Our education system teaches young students how to make things “proper.”  Rules are placed on students on what they can and cannot do which is reinforced by a letter or number that represents us. “Creative writing assignments” follow a format of a certain number of sentences and a specific topic picked for the student.  Somewhere along the way, education switched from being a process of thinking for oneself and redefining common perceptions to a grind of memorization to achieve a score that will allow you to move onto the next phase of life. Schools have become like videogames, at which you need a certain score to pass onto the next level.  College applications became a challenge of how good my scores can be and how many clubs can I shove into a 24-hour day.  

We, as students, arrive to our respective universities ready to continue our ways of old. Our first essay is assigned and we write about what we have been taught and, in the format, we were taught. Grades come back, and we receive the first terrible score of our educational lives and what is all over the essay? Comments like “no creativity” or “weak writing.” At first, we are distraught but, in reality, it is true. Your professor will grade hundreds of papers throughout the year and most will be written similar to the others. In order to impress, one must be innovative in one’s work thus spawning creativity in us for the first time in years.

In the American school system, we have become obsessed with a cookie- cutter mold. Go to class, get good grades, go to college, and get a job.  What happens if a kid strays from that model?  We worry if they have learning disorders and try to push them towards our self-made rules until they eventually conform.
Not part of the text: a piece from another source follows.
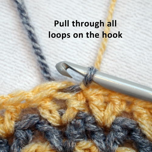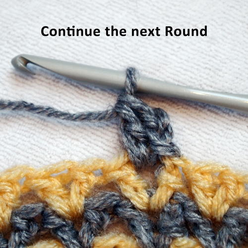If you are not comfortable carrying your working yarn between Rounds, you can fasten off after each Zigzag Round and join your new color between the starting chain and the post of the first DC.
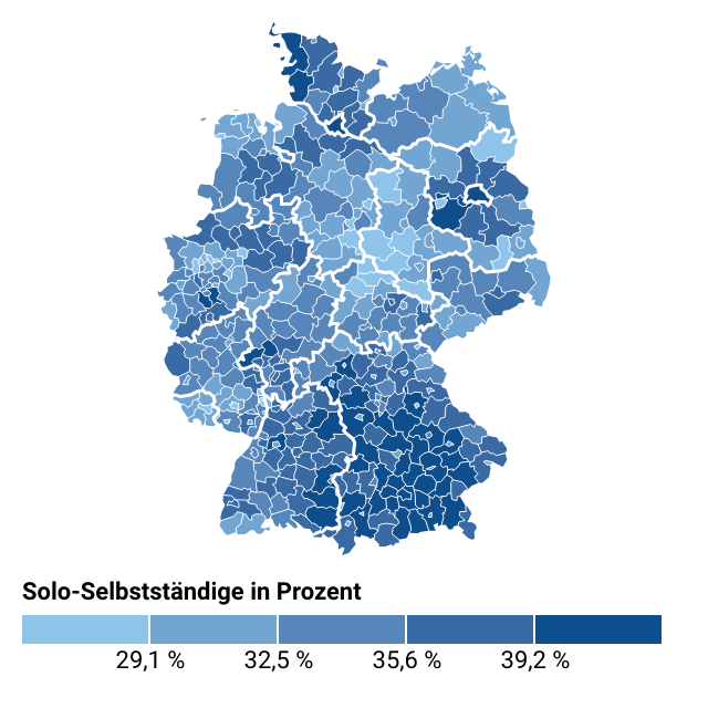 Diese Webgrafiken zeigen den Anteil von Solo-Selbstständigen allen angemeldeten Unternehmen in deutschen Kreisen und kreisfreien Städten, entweder für ganz Deutschland oder in regionalen Zuschnitten.

They are simultaneously told by their educators not to conform and be their own person.  It has become a hypocritical system with average benefits but little to no happiness involved.  

If there is anything I would like to see in the future, it is to reinforce the idea so adamantly perpetuated by Sir Ken Robinson, international advisor on education.  Robinson said, “If you’re not prepared to be wrong, you’ll never come up with anything original.”  It is time to allow students to flourish in their own ways and allow these young learners to retain their creative nature long after their traditional education is completed, saving them from the struggle so many of us face because of our former education.